The life history of human foraging: Cross-cultural and individual variation
Jeremy Koster, Richard Mcelreath, Kim Hill, Douglas Yu, Glenn Shepard, Nathalie Van Vliet, Michael Gurven, Hillard Kaplan, Benjamin Trumble, Rebecca Bliege Bird, Douglas Bird, Brian Codding, Lauren Coad, Luis Pacheco-Cobos, Bruce Winterhalder, Karen Lupo, Dave Schmitt, Paul Sillitoe, Margaret Franzen, Michael Alvard, Vivek Venkataraman, Thomas Kraft, Kirk Endicott, Stephen Beckerman, Stuart A Marks, Thomas Headland, Margaretha Pangau-Adam, Anders Siren, Karen Kramer, Russell Greaves, Victoria Reyes-García, Maximilien Guèze, Romain Duda, Álvaro Fernández-Llamazares, Sandrine Gallois, Lucentezza Napitupulu, Roy Ellen, John Ziker, Martin R Nielsen, Elspeth Ready, Christopher Healey, Cody Ross
Human adaptation depends upon the integration of slow life history, complex production skills, and extensive sociality. Refining and testing models of the evolution of human life history and cultural learning will benefit from increasingly accurate measurement of knowledge, skills, and rates of production with age. We pursue this goal by inferring individual hunters’ of hunting skill gain and loss from approximately 23,000 hunting records generated by more than 1,800 individuals at 40 locations.
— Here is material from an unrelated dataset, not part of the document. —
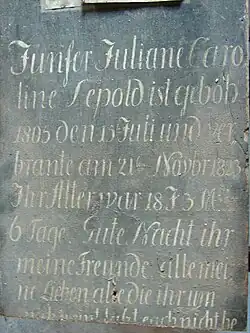 - ↑ Krügersdorfer Kirchenbuch (1822–1851), S. 154 [31. Oktober 1823]. Die Hölzerne Tafel nennt unerklärlicherweise den 31. November 1823 als Todestag.

The model provides an improved picture of ages of peak productivity as well as variation within and among ages. The data reveal an average age of peak productivity between 30 and 35 years of age, though high skill is maintained throughout much of adulthood. In addition, there is substantial variation both among individuals and sites. Within study sites, variation among individuals depends more upon heterogeneity in rates of decline than in rates of increase. This analysis sharpens questions about the co-evolution of human life history and cultural adaptation. It also demonstrates new statistical algorithms and models that expand the potential inferences drawn from detailed quantitative data collected in the field.